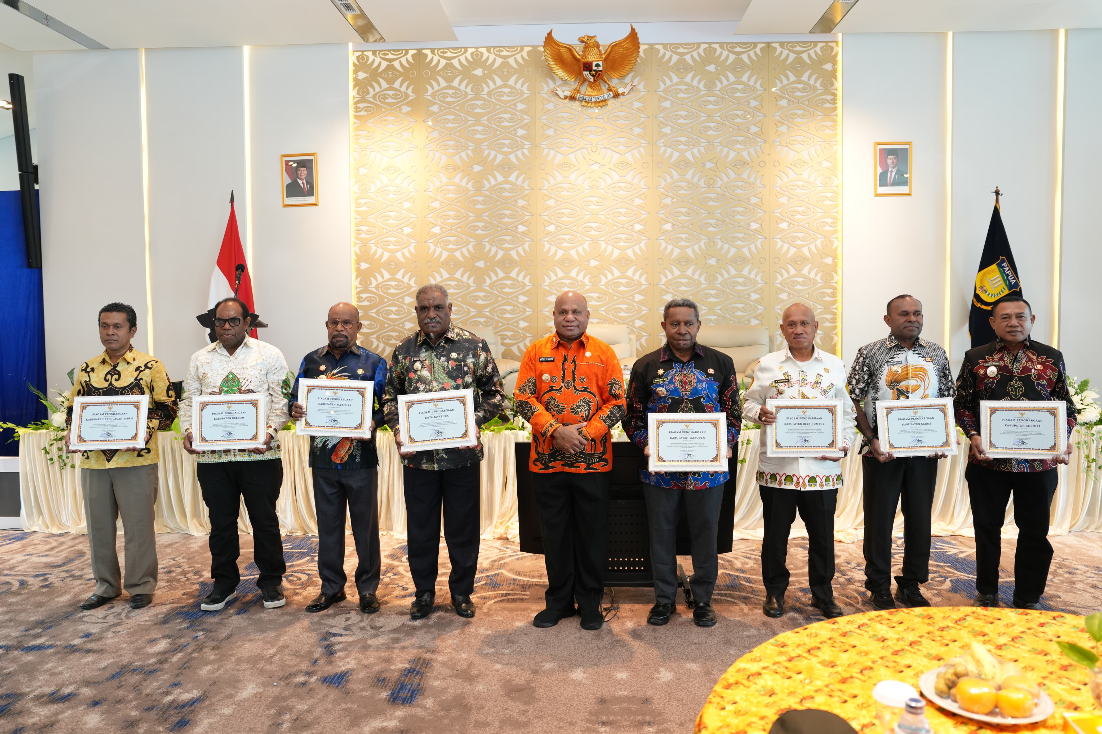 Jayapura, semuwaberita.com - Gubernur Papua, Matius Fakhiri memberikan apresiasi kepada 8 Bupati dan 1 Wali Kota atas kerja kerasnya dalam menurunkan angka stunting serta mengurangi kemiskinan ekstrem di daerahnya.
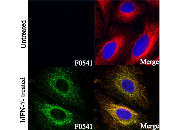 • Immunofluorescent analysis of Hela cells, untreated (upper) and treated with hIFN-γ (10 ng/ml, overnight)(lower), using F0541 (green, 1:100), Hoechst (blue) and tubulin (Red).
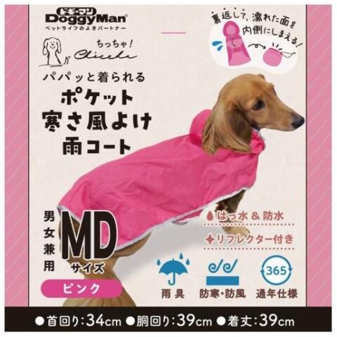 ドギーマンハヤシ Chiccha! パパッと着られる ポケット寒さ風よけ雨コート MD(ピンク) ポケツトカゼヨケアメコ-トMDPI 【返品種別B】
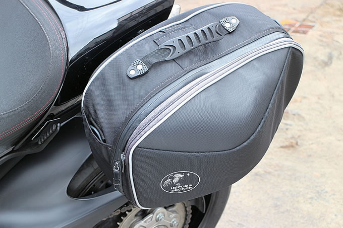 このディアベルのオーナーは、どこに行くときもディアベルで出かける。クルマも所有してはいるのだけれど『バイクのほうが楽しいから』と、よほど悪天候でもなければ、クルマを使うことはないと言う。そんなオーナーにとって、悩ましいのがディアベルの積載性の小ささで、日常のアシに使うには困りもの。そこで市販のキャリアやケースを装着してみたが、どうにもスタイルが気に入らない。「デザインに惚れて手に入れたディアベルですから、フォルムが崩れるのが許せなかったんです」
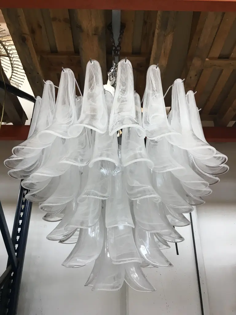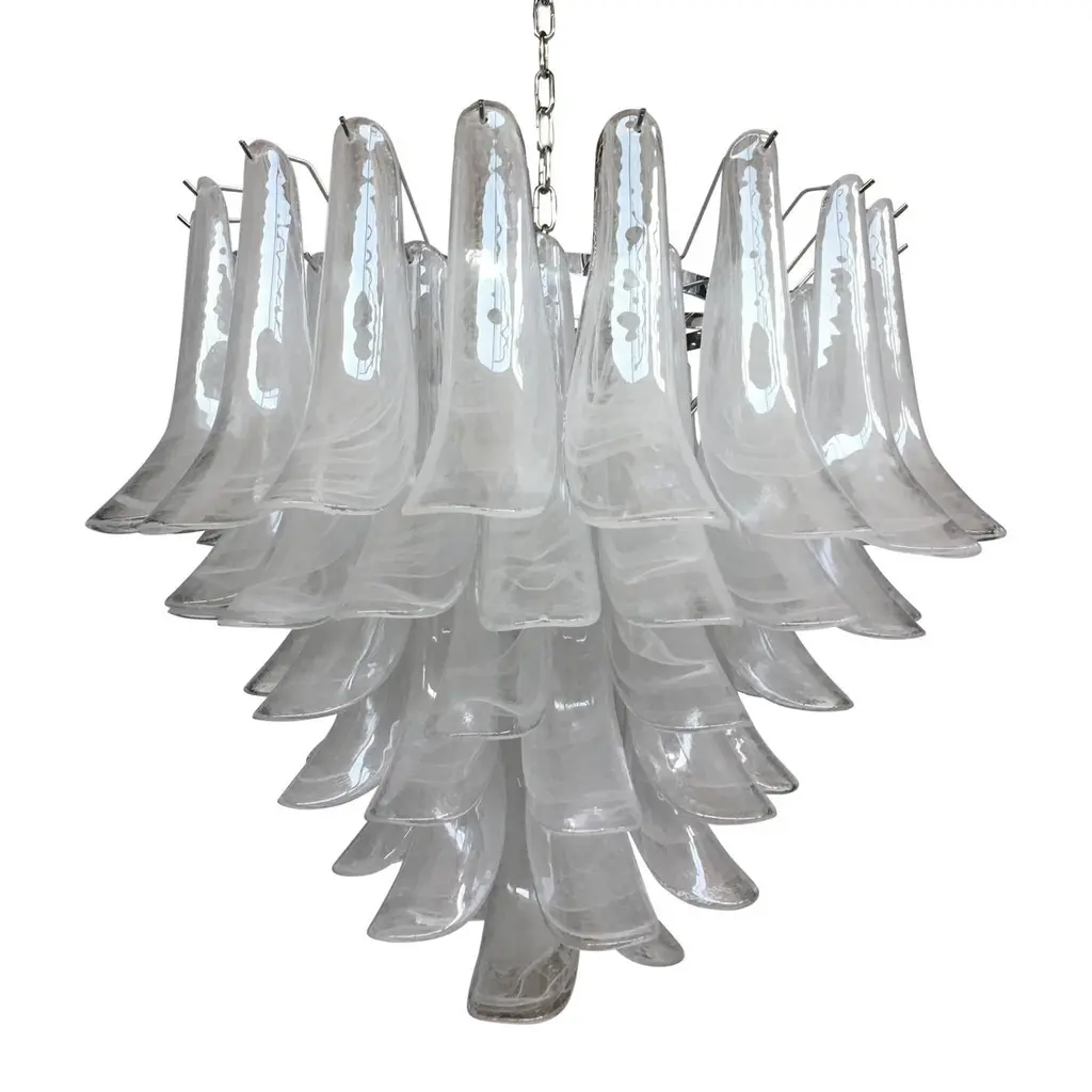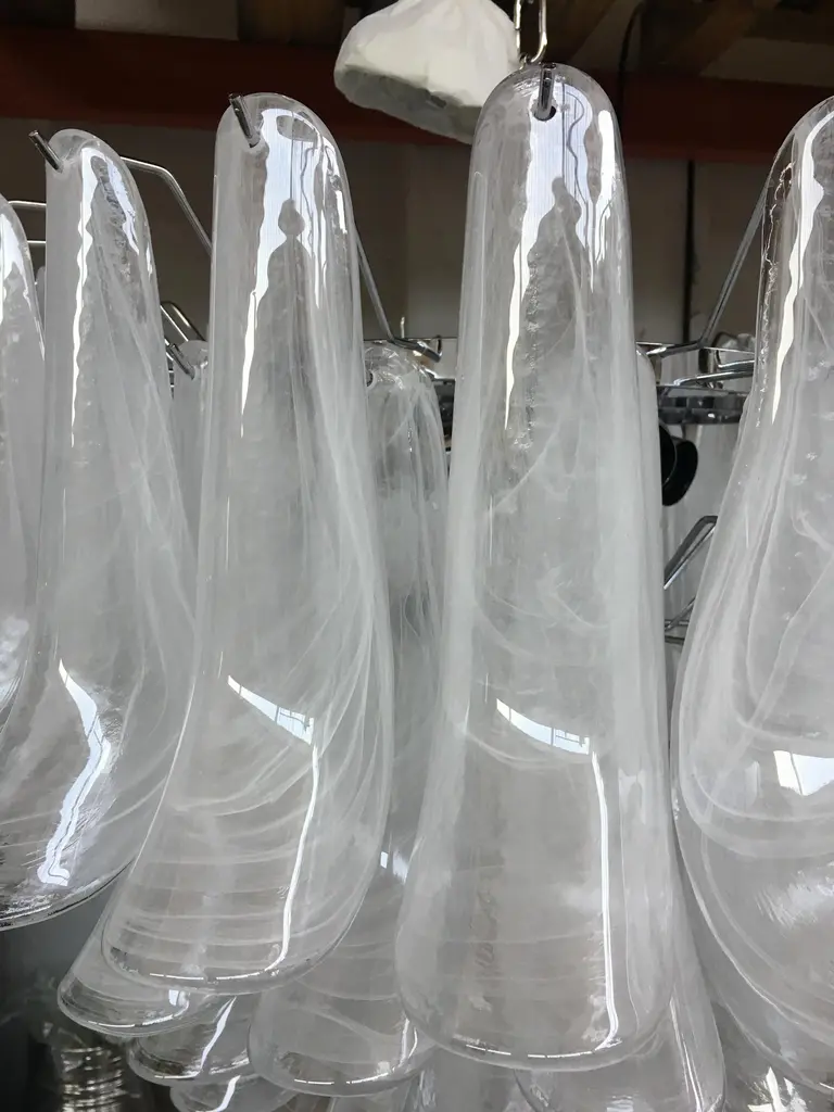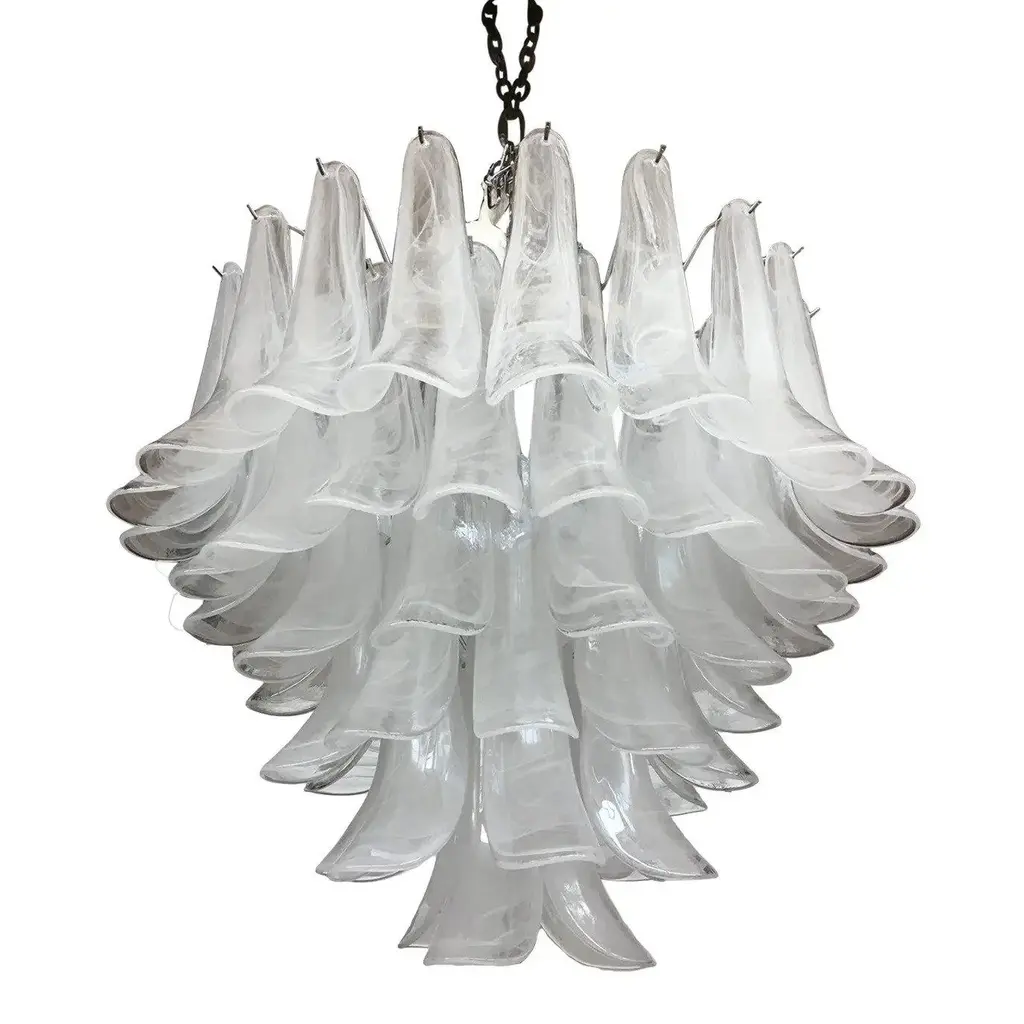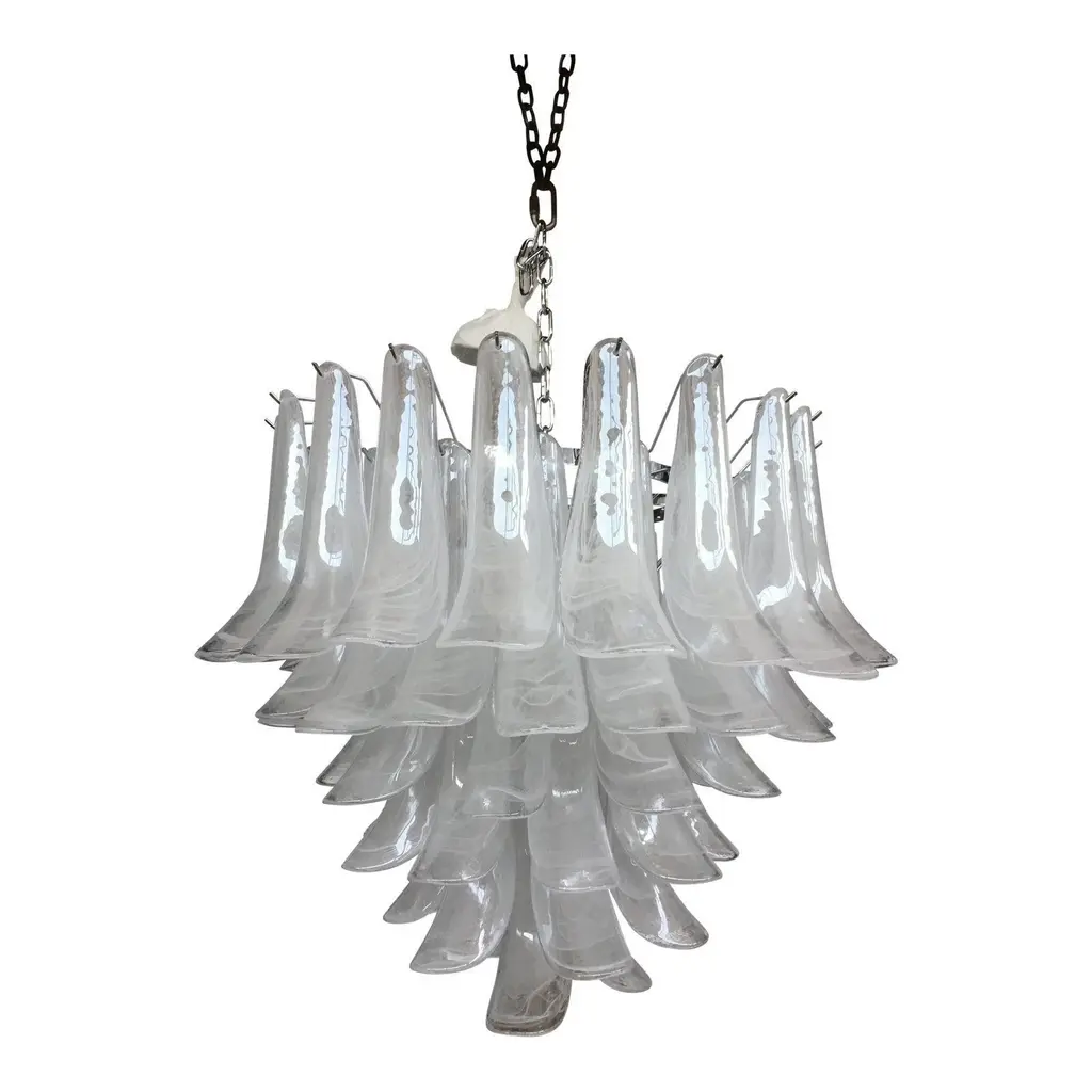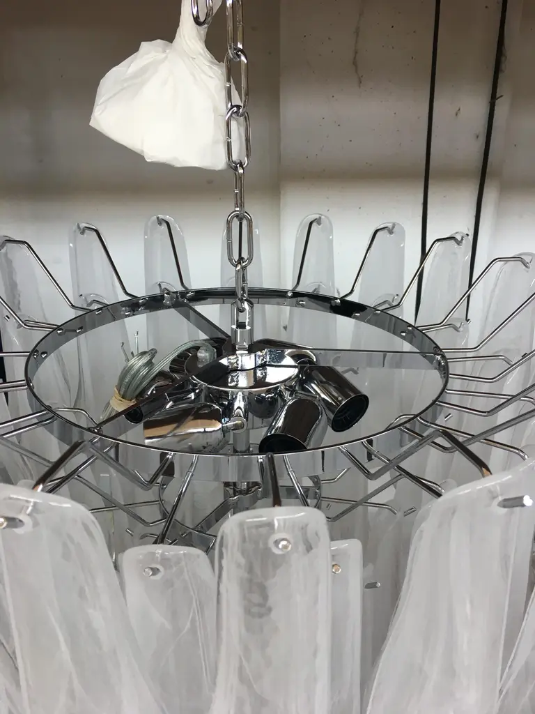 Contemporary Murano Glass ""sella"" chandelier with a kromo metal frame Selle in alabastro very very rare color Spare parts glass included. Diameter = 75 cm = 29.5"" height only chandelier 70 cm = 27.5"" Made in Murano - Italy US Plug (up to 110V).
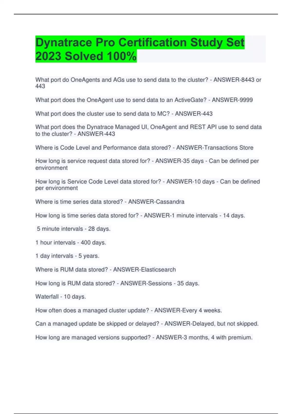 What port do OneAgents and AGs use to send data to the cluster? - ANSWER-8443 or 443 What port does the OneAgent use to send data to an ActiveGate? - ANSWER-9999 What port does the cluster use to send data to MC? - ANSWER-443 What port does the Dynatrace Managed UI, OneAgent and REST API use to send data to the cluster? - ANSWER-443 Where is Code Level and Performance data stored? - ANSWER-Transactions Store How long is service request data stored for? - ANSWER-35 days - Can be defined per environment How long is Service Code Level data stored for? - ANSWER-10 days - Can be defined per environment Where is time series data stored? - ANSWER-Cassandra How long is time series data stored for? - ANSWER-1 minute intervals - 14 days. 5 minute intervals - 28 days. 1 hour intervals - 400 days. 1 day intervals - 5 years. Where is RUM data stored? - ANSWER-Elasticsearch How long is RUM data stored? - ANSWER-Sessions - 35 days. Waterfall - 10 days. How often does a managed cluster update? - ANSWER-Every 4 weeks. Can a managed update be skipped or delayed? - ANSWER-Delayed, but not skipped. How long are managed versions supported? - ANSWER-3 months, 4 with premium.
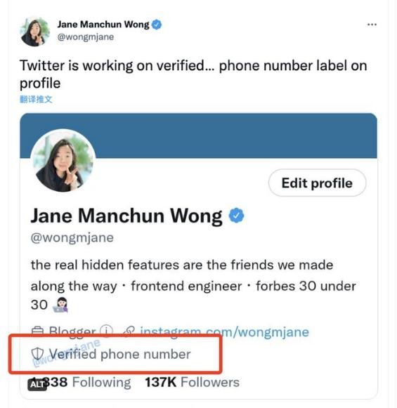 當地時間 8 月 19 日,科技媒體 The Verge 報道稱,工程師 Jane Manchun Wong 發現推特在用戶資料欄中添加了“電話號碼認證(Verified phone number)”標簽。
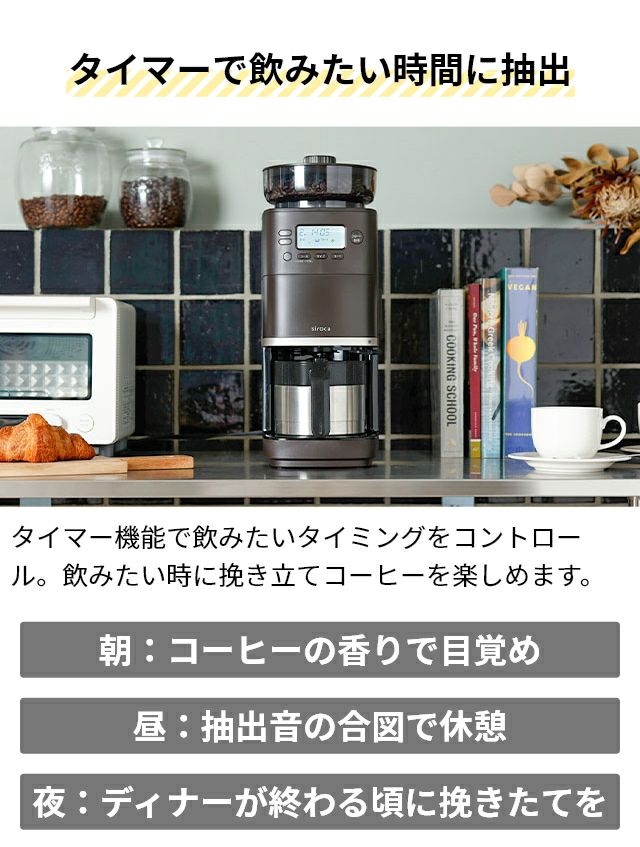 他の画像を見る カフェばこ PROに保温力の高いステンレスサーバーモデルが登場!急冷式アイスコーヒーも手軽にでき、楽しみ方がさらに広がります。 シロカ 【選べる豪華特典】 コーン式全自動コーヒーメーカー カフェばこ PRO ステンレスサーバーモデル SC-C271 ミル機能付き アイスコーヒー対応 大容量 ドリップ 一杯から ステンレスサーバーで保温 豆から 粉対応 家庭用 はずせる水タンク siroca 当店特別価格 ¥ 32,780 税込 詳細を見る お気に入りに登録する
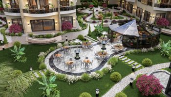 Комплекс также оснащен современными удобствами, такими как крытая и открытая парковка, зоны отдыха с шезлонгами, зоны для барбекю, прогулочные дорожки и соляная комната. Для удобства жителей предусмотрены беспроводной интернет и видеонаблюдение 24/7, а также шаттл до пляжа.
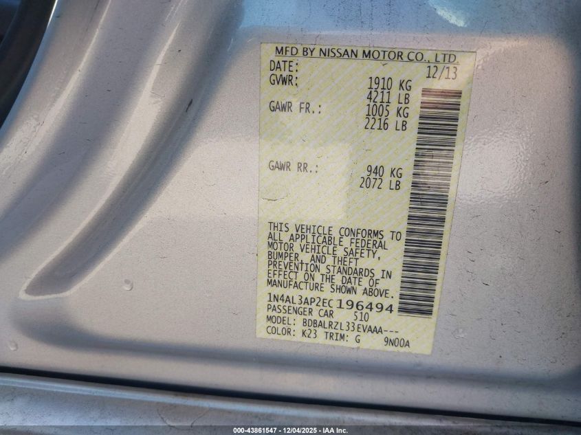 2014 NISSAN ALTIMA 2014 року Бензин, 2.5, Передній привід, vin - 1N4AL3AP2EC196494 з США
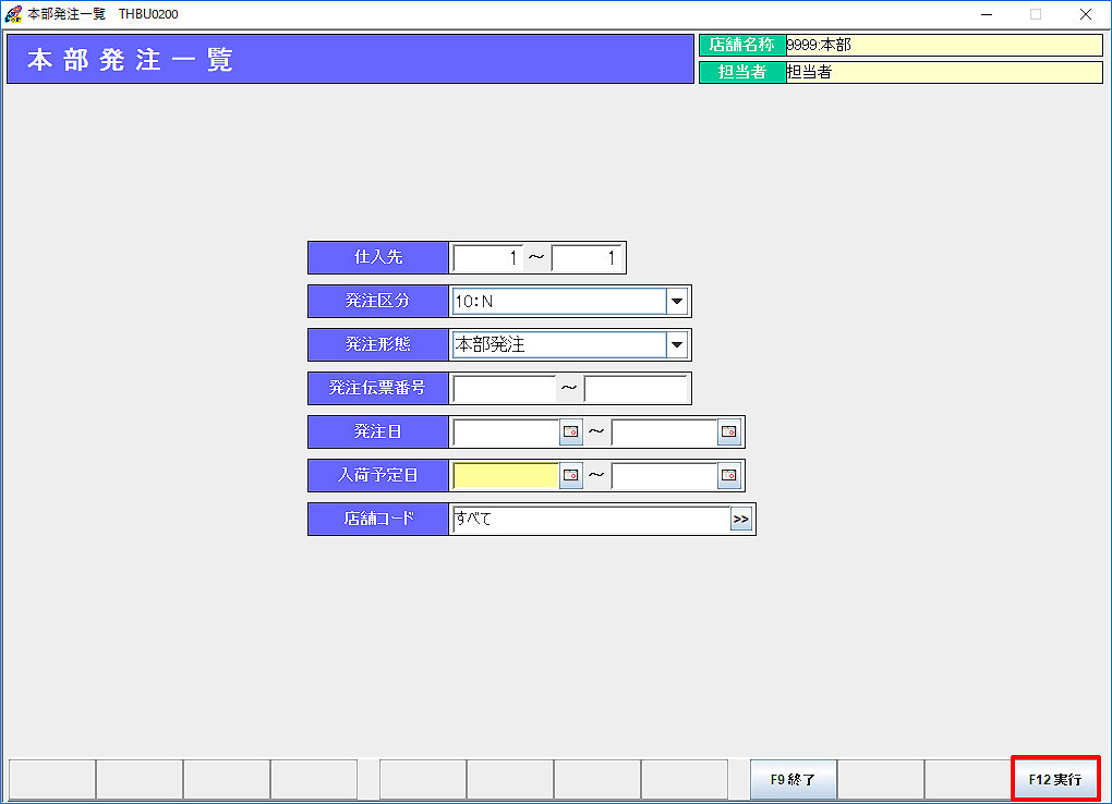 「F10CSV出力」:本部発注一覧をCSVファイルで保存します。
__________________________________________________
## EXERCISE OBJECTIVE
Print the whole listing exactly, please, and keep any images out of it.

## TASK RESPONSE
 Jayapura, semuwaberita.com - Gubernur Papua, Matius Fakhiri memberikan apresiasi kepada 8 Bupati dan 1 Wali Kota atas kerja kerasnya dalam menurunkan angka stunting serta mengurangi kemiskinan ekstrem di daerahnya.
 • Immunofluorescent analysis of Hela cells, untreated (upper) and treated with hIFN-γ (10 ng/ml, overnight)(lower), using F0541 (green, 1:100), Hoechst (blue) and tubulin (Red).
 ドギーマンハヤシ Chiccha! パパッと着られる ポケット寒さ風よけ雨コート MD(ピンク) ポケツトカゼヨケアメコ-トMDPI 【返品種別B】
 このディアベルのオーナーは、どこに行くときもディアベルで出かける。クルマも所有してはいるのだけれど『バイクのほうが楽しいから』と、よほど悪天候でもなければ、クルマを使うことはないと言う。そんなオーナーにとって、悩ましいのがディアベルの積載性の小ささで、日常のアシに使うには困りもの。そこで市販のキャリアやケースを装着してみたが、どうにもスタイルが気に入らない。「デザインに惚れて手に入れたディアベルですから、フォルムが崩れるのが許せなかったんです」
 Contemporary Murano Glass ""sella"" chandelier with a kromo metal frame Selle in alabastro very very rare color Spare parts glass included. Diameter = 75 cm = 29.5"" height only chandelier 70 cm = 27.5"" Made in Murano - Italy US Plug (up to 110V).
 What port do OneAgents and AGs use to send data to the cluster? - ANSWER-8443 or 443 What port does the OneAgent use to send data to an ActiveGate? - ANSWER-9999 What port does the cluster use to send data to MC? - ANSWER-443 What port does the Dynatrace Managed UI, OneAgent and REST API use to send data to the cluster? - ANSWER-443 Where is Code Level and Performance data stored? - ANSWER-Transactions Store How long is service request data stored for? - ANSWER-35 days - Can be defined per environment How long is Service Code Level data stored for? - ANSWER-10 days - Can be defined per environment Where is time series data stored? - ANSWER-Cassandra How long is time series data stored for? - ANSWER-1 minute intervals - 14 days. 5 minute intervals - 28 days. 1 hour intervals - 400 days. 1 day intervals - 5 years. Where is RUM data stored? - ANSWER-Elasticsearch How long is RUM data stored? - ANSWER-Sessions - 35 days. Waterfall - 10 days. How often does a managed cluster update? - ANSWER-Every 4 weeks. Can a managed update be skipped or delayed? - ANSWER-Delayed, but not skipped. How long are managed versions supported? - ANSWER-3 months, 4 with premium.
 當地時間 8 月 19 日,科技媒體 The Verge 報道稱,工程師 Jane Manchun Wong 發現推特在用戶資料欄中添加了“電話號碼認證(Verified phone number)”標簽。
 他の画像を見る カフェばこ PROに保温力の高いステンレスサーバーモデルが登場!急冷式アイスコーヒーも手軽にでき、楽しみ方がさらに広がります。 シロカ 【選べる豪華特典】 コーン式全自動コーヒーメーカー カフェばこ PRO ステンレスサーバーモデル SC-C271 ミル機能付き アイスコーヒー対応 大容量 ドリップ 一杯から ステンレスサーバーで保温 豆から 粉対応 家庭用 はずせる水タンク siroca 当店特別価格 ¥ 32,780 税込 詳細を見る お気に入りに登録する
 Комплекс также оснащен современными удобствами, такими как крытая и открытая парковка, зоны отдыха с шезлонгами, зоны для барбекю, прогулочные дорожки и соляная комната. Для удобства жителей предусмотрены беспроводной интернет и видеонаблюдение 24/7, а также шаттл до пляжа.
 2014 NISSAN ALTIMA 2014 року Бензин, 2.5, Передній привід, vin - 1N4AL3AP2EC196494 з США
 「F10CSV出力」:本部発注一覧をCSVファイルで保存します。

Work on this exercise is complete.